The decision not only gives the approval for states to use a killing method that many regard as torture, but it also amounts to an ideological defense of the death penalty itself—however cruel. Writing for the majority opinion, Justice Samuel Alito stated:
Our decisions in this area have been animated in part by the recognition that because it is settled that capital punishment is constitutional, “[i]t necessarily follows that there must be a [constitutional] means of carrying it out.” And because some risk of pain is inherent in any method of execution, we have held that the Constitution does not require the avoidance of all risk of pain. After all, while most humans wish to die a painless death, many do not have that good fortune.

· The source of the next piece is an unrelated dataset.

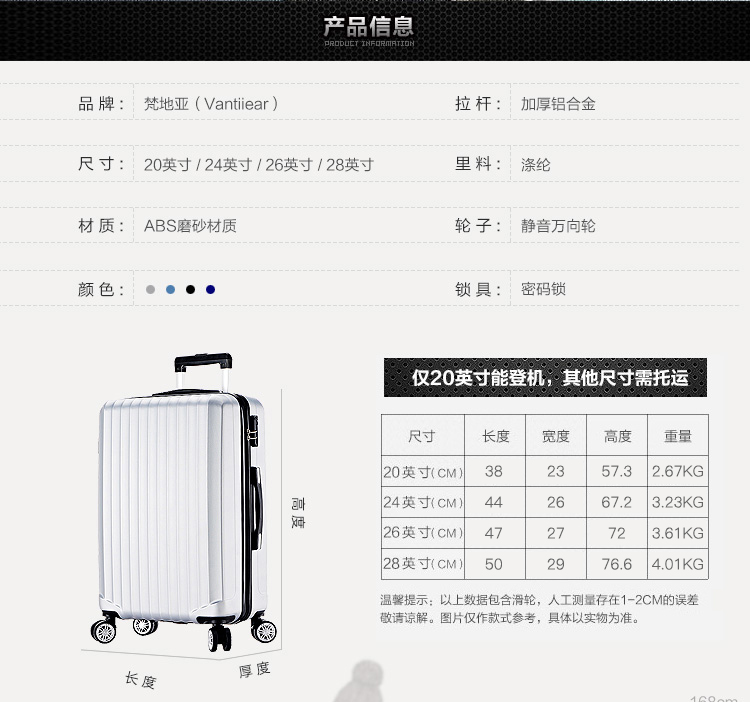 商品名称:梵地亚 VANTIIEAR 旅行拉杆箱 20英寸 黑色

Holding that the Eighth Amendment demands the elimination of essentially all risk of pain would effectively outlaw the death penalty altogether.
The ruling was slammed by dissenting justices as deeply inhumane.
Justice Sonia Sotomayor—joined by Justices Ruth Bader Ginsburg, Stephen Breyer, and Elena Kagan—wrote that the majority decision “leaves petitioners exposed to what may well be the chemical equivalent of being burned at the stake.”
“[U]nder the Court’s new rule, it would not matter whether the State intended to use midazolam, or instead to have petitioners drawn and quartered, slowly tortured to death, or actually burned at the stake: because petitioners failed to prove the availability of sodium thiopental or pentobarbital, the State could execute them using whatever means it designated,” the dissent states.